Ajax in WordPress not working for logged in users without wp_ajax_nopriv action


I had a rather interesting problem the other day. My ajax request was not working if I didn’t use the wp_ajax_nopriv_ action on a page where the user was clearly logged in. Why? Why was this happening?

Here was the situation:

  • forced ssl on wp-admin so the localised url I was using for Ajax was eg https://example.com/wp-admin/admin-ajax.php
  • page requesting ajax was not ssl eg http://example.com/page-with-ajax
  • using wp_ajax_$action only, not wp_ajax_nopriv_$action as it was only for logged in users

Even with everything seemingly set up correctly, it was returning 0. WHY? Turns out that Ajax strips cookies and http authentication data on cross domain requests. And going from http://example.com to https://example.com is cross domain. If I can’t send the WordPress user’s cookies, I can’t use the wp_ajax_$action. See here from wp-admin/admin-ajax.php:77

[code lang=php]
if ( is_user_logged_in() ) {
/**
* Fires authenticated AJAX actions for logged-in users.
*
* The dynamic portion of the hook name, `$_REQUEST['action']`,
* refers to the name of the AJAX action callback being fired.
*
* @since 2.1.0
*/
do_action( 'wp_ajax_' . $_REQUEST['action'] );
} else {
/**
* Fires non-authenticated AJAX actions for logged-out users.
*
* The dynamic portion of the hook name, `$_REQUEST['action']`,
* refers to the name of the AJAX action callback being fired.
*
* @since 2.8.0
*/
do_action( 'wp_ajax_nopriv_' . $_REQUEST['action'] );
}
[/code]

So what’s the way around it? I decided to force my requesting page to https as it probably should have been already. You could also send the xhr withCredentials thing in your jQuery but don’t you need to add headers to the response? HEADERS, will someone please think of the headers? God people, really.
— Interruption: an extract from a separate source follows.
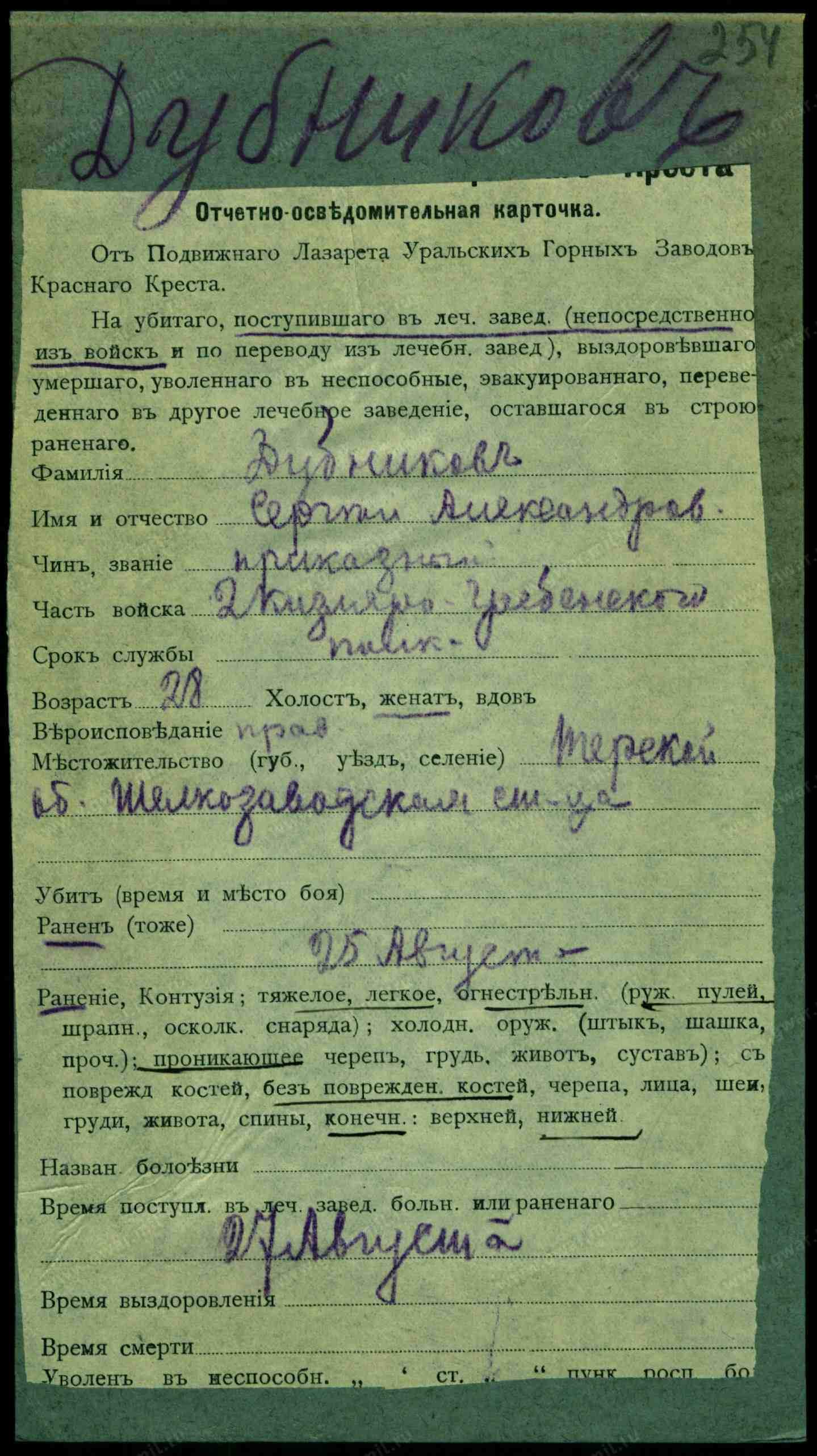 Фонд Картотека бюро учета потерь в Первой мировой войне (офицеров и солдат)

http://stackoverflow.com/questions/9559947/cross-origin-authorization-header-with-jquery-ajax

A quick explanation of it all: https://quickleft.com/blog/cookies-with-my-cors/

There is some sort of jsonp workaround that people refer to but I don’t know, I think the answer is probably to re-do admin-ajax.php as a plugin or something with all the proper things and then use that. Maybe not, it looks like everything is going to https anyway so might not matter soon at any rate.